== SOURCE DATA
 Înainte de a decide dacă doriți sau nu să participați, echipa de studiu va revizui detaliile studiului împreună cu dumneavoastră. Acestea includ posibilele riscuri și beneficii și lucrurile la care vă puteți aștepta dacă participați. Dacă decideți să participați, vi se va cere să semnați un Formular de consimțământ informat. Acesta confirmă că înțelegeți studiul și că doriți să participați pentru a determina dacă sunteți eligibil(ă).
====
== SOURCE DATA
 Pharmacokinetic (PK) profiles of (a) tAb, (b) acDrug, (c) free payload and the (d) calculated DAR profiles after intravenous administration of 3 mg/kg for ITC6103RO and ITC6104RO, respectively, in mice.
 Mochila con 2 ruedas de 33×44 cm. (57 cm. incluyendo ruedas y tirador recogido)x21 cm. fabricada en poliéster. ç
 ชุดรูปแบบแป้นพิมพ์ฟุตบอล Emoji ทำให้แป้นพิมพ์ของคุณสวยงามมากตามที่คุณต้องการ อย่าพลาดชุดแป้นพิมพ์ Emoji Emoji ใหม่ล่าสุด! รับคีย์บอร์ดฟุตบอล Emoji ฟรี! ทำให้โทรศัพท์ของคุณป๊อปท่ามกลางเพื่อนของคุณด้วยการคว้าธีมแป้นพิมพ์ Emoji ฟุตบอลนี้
====
Repeat exactly the lines above from the one with "Mochila con 2" up to and including the one with "อย่าพลาดชุดแป้นพิมพ์ Emoji Emoji". No other line belongs in the reply.

 Mochila con 2 ruedas de 33×44 cm. (57 cm. incluyendo ruedas y tirador recogido)x21 cm. fabricada en poliéster. ç
 ชุดรูปแบบแป้นพิมพ์ฟุตบอล Emoji ทำให้แป้นพิมพ์ของคุณสวยงามมากตามที่คุณต้องการ อย่าพลาดชุดแป้นพิมพ์ Emoji Emoji ใหม่ล่าสุด! รับคีย์บอร์ดฟุตบอล Emoji ฟรี! ทำให้โทรศัพท์ของคุณป๊อปท่ามกลางเพื่อนของคุณด้วยการคว้าธีมแป้นพิมพ์ Emoji ฟุตบอลนี้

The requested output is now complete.